Abstract

Huntington disease (HD; OMIM 143100), a progressive neurodegenerative disorder, is caused by an expanded trinucleotide CAG (polyQ) motif in the HTT gene. Cardiovascular symptoms, often present in early stage HD patients, are, in general, ascribed to dysautonomia. However, cardio-specific expression of polyQ peptides caused pathological response in murine models, suggesting the presence of a nervous system-independent heart phenotype in HD patients. A positive correlation between the CAG repeat size and severity of symptoms observed in HD patients has also been observed in in vitro HD cellular models.

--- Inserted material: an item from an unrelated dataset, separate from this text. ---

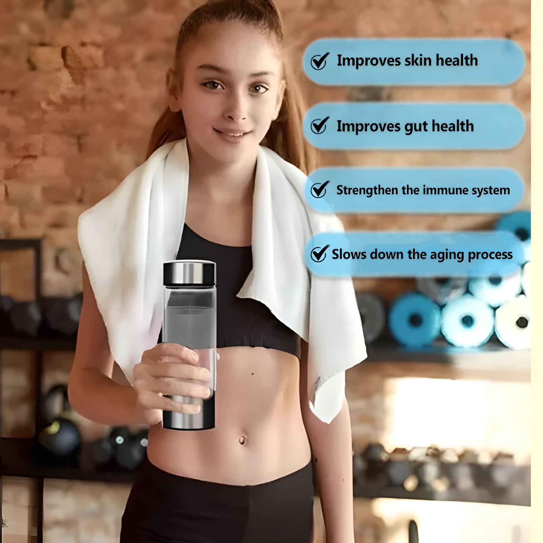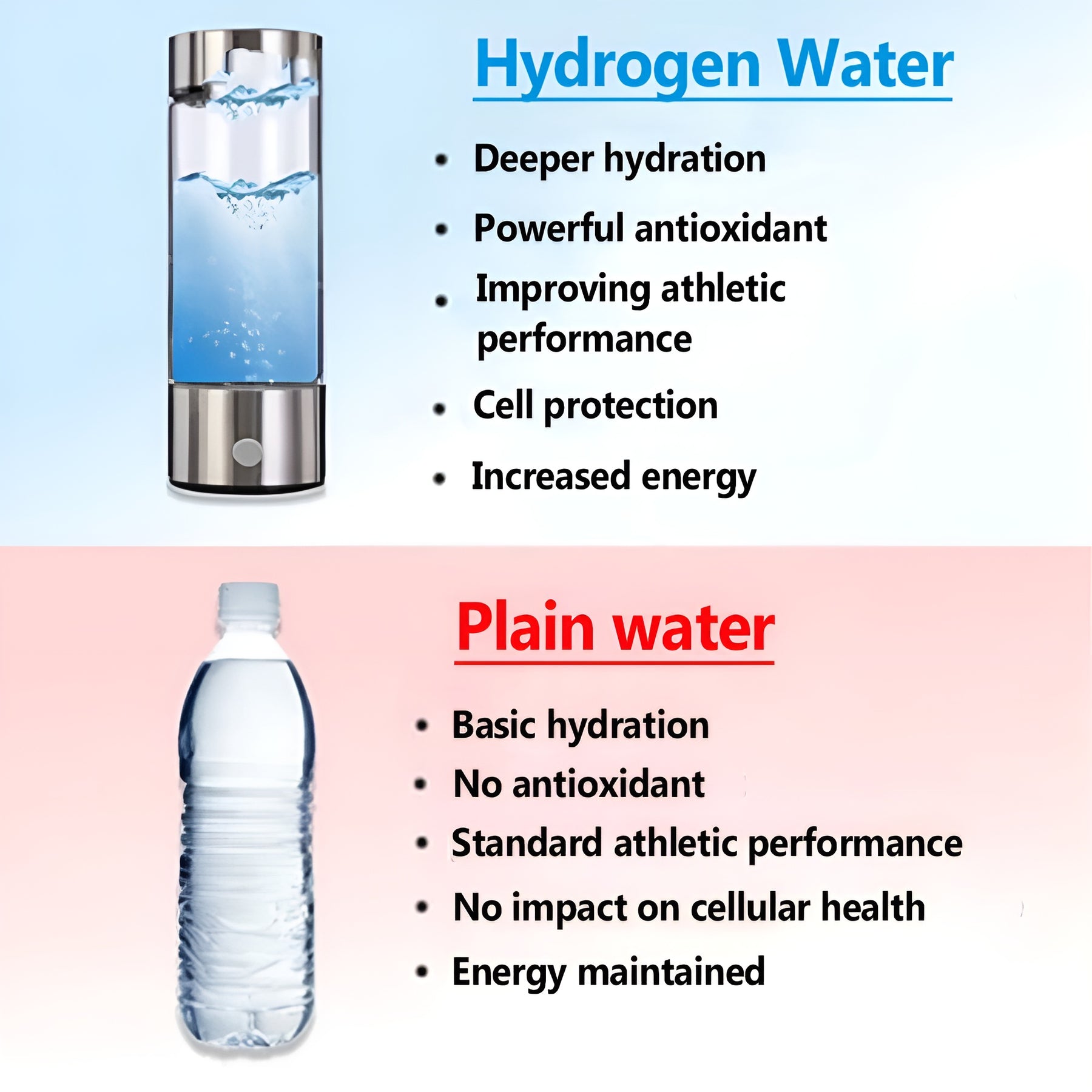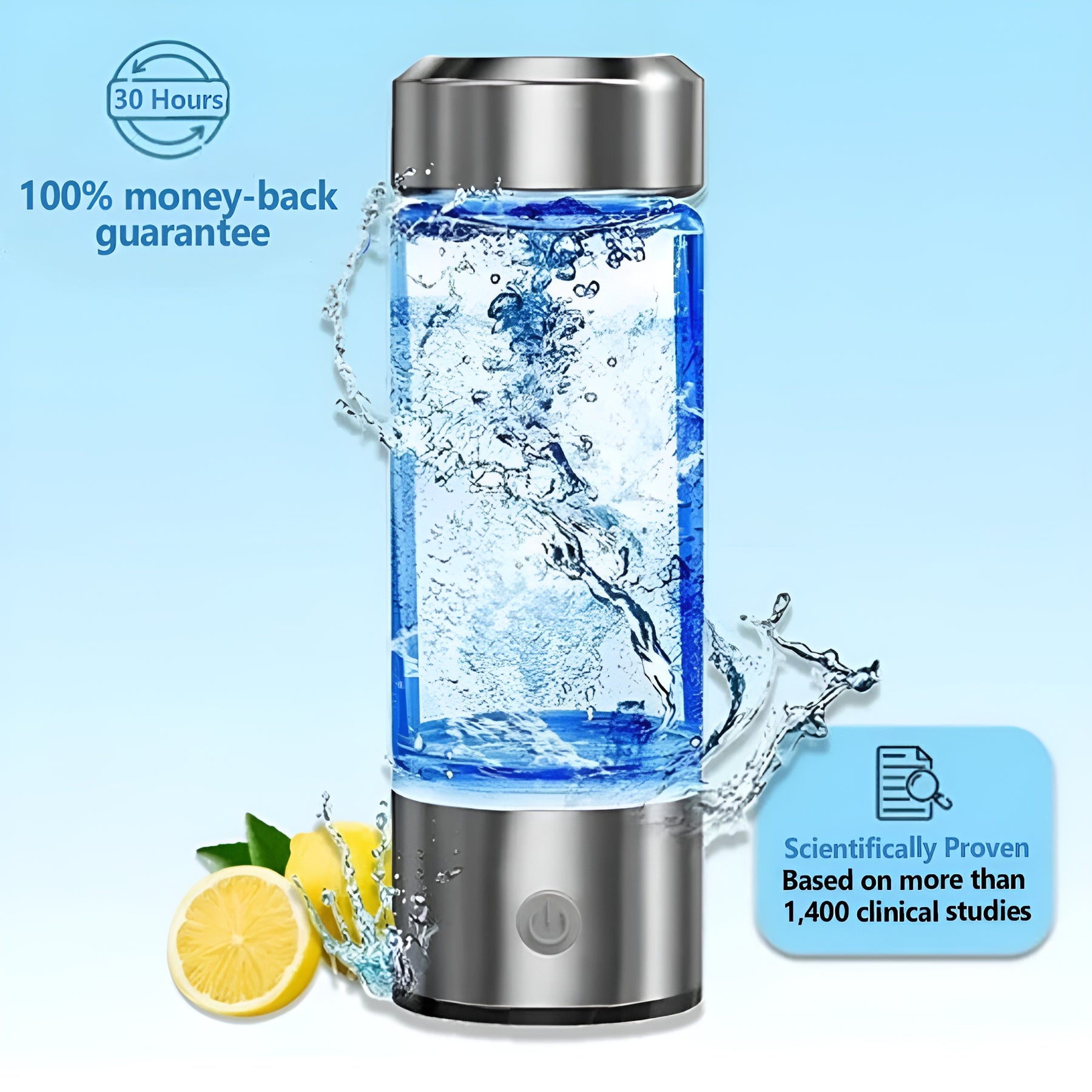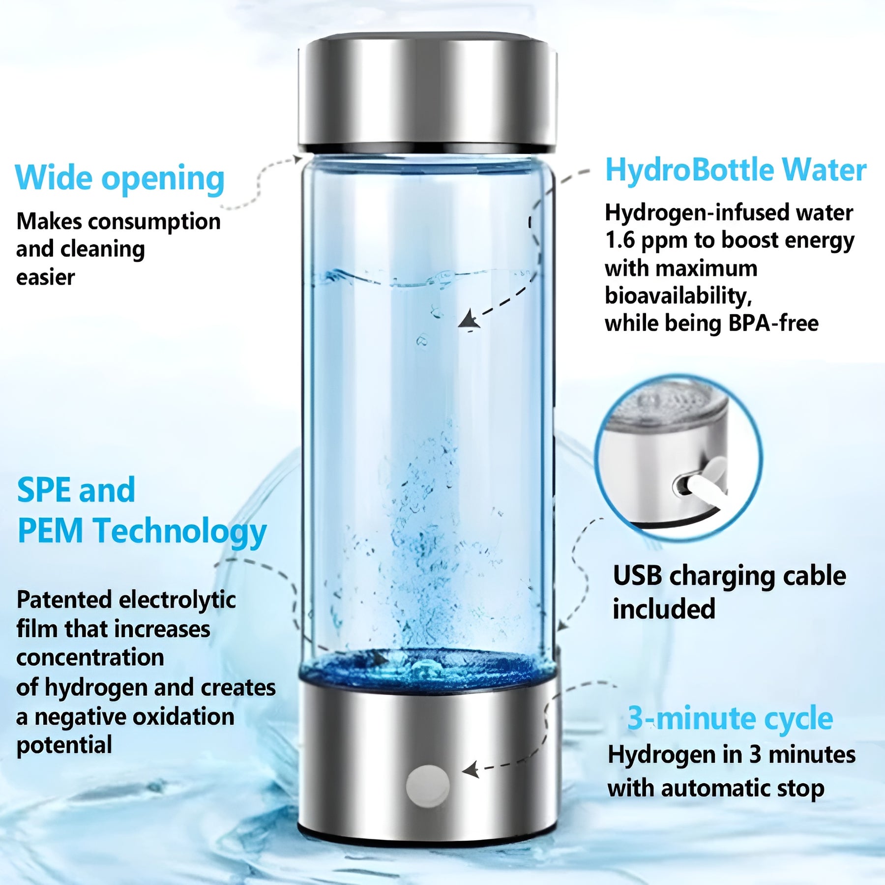 La nostra bottiglia utilizza un semplice processo chiamato elettrolisi per dividere l'acqua in idrogeno e ossigeno. Questo processo arricchisce l'acqua con idrogeno, trasformandola in un potente antiossidante. Bere regolarmente acqua ricca di idrogeno può aiutare il corpo a combattere lo stress ossidativo e migliorare la salute e il benessere generale.

Here, we test the suitability of human embryonic stem cell (hESC) lines carrying HD-specific mutation as in vitro models for understanding molecular mechanisms of cardiac pathology seen in HD patients. We have differentiated three HD-hESC lines into cardiomyocytes and investigated CAG stability up to 60 days after starting differentiation. To assess CAG stability in other tissues, the lines were also subjected to in vivo differentiation into teratomas for 10 weeks. Neither directed differentiation into cardiomyocytes in vitro nor in vivo differentiation into teratomas, rich in immature neuronal tissue, led to an increase in the number of CAG repeats. Although the CAG stability might be cell line-dependent, induced pluripotent stem cells generated from patients with larger numbers of CAG repeats could have an advantage as a research tool for understanding cardiac symptoms of HD patients.

Highlights

  • Huntington’s disease (HD; OMIM 143100) is an autosomal, dominantly inherited progressive neurodegenerative disorder usually with a late onset

  • These are in general immortalized cell lines with a genome-integrating viral delivery system carrying a mutated HTT exon 1, expression of which is driven by an exogenous promoter

  • Two other groups reported that 40–48 CAG repeats were stable in five undifferentiated and differentiated HD-human embryonic stem cell (hESC) [42, 43]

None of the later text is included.